Realidade semelhante vive Luiza Andressa Benitez Machado, da Ilha das Flores. Nesta sexta-feira, ela estendia roupas no varal, em meio às águas, para aproveitar o sol que surgiu após dias nublados e de chuva devido ao ciclone. "É todo ano, aí não tem o que fazer. A gente tem que continuar fazendo as coisas", disse a dona de casa, conformada. Ela, que mora na Ilha das Flores junto com os três filhos, conhece bem essa realidade, pois foi criada na região. 

Enquanto a filha mais velha, de 13 anos, ajudava Luiza, a mais nova, de 8, brincava com uma amiga da vizinhança, usando botas de borracha. As crianças são a maior preocupação dos pais com a inundação, pois contam que é comum aparecer diversos tipos de animais nas casas. “Aparece de tudo. Já teve lacraia, aranha, formiga, a gente fica com medo pelas crianças”, contou a vizinha Carina dos Santos, que também vive com três filhos no local. “Os bichos tentam fugir da água e sobem”, observou Luiza.

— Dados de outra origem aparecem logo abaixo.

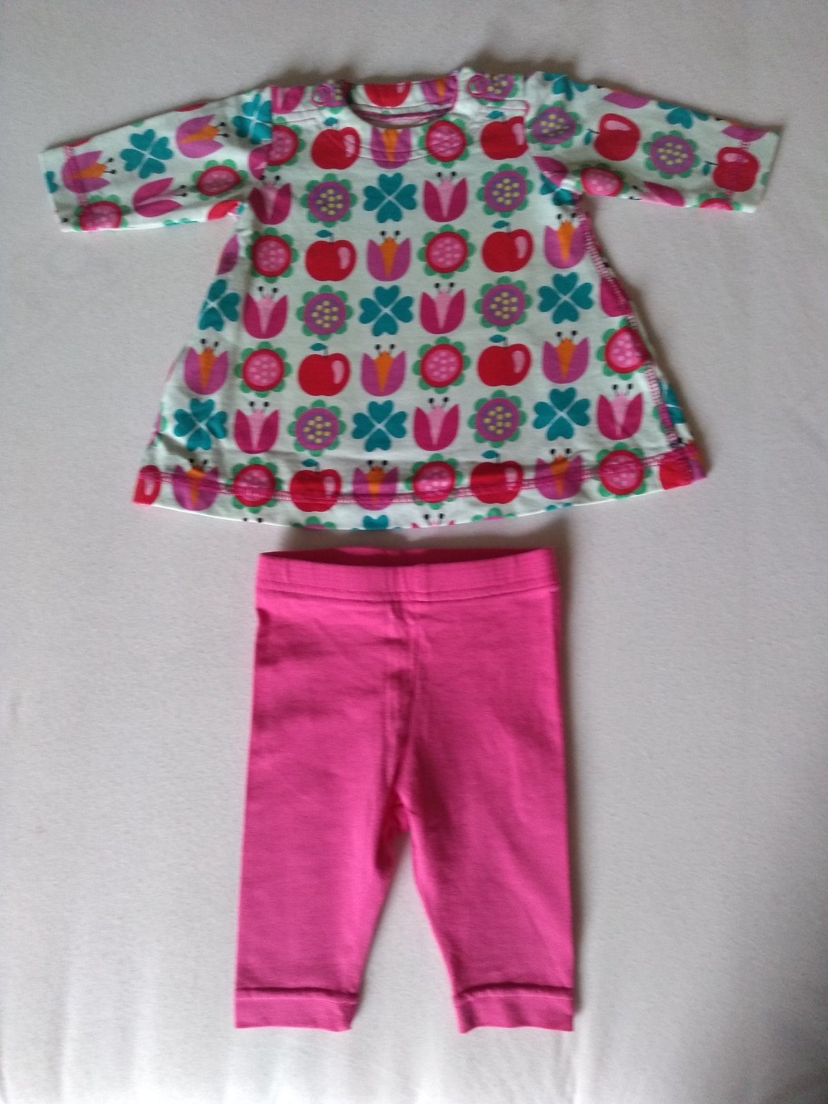 Predám súpravu,farba vrch jemne mentolková,strih do A.Pri krku z oboch strán cvoky.Šírka pazuchy 23 cm.Celková dĺžka 30 cm.Dĺžka rukáva od krku 22 cm.Legínky pás v kľude 2 krát 19 cm.Celková dĺžka 28 cm.Dĺžka od rozkroku 13,5 cm.Výborný stav, legíny nenosené.Cena 10€ plus poštovné.

O aposentado Luis Isaías Pires Bettervide, que se apresenta como líder comunitário da região, afirmou que os problemas são constantes e não há ações efetivas do poder público. Ele contou que, no local, a falta de saneamento é um dos fatores que prejudica a comunidade e o meio ambiente.

Segundo o morador, desde 2014, se desenrola um processo que envolve realocação das famílias, devido às obras da ponte do Guaíba. Porém ele salientou que é preciso mais do que retirar as pessoas dali e colocar em novas casas. “Como as pessoas não têm escolaridade, nem profissão, seria primeiro um processo de inserir essas pessoas na sociedade e dentro de um plano de habitação”, avalia o Bettervide.

A Defesa Civil de Porto Alegre garantiu que realiza vistorias no local desde o início da semana, em função de ser região de risco para inundações. O órgão solicita que, se alguém tiver problemas, deve entrar em contato pelo 199, que será atendido.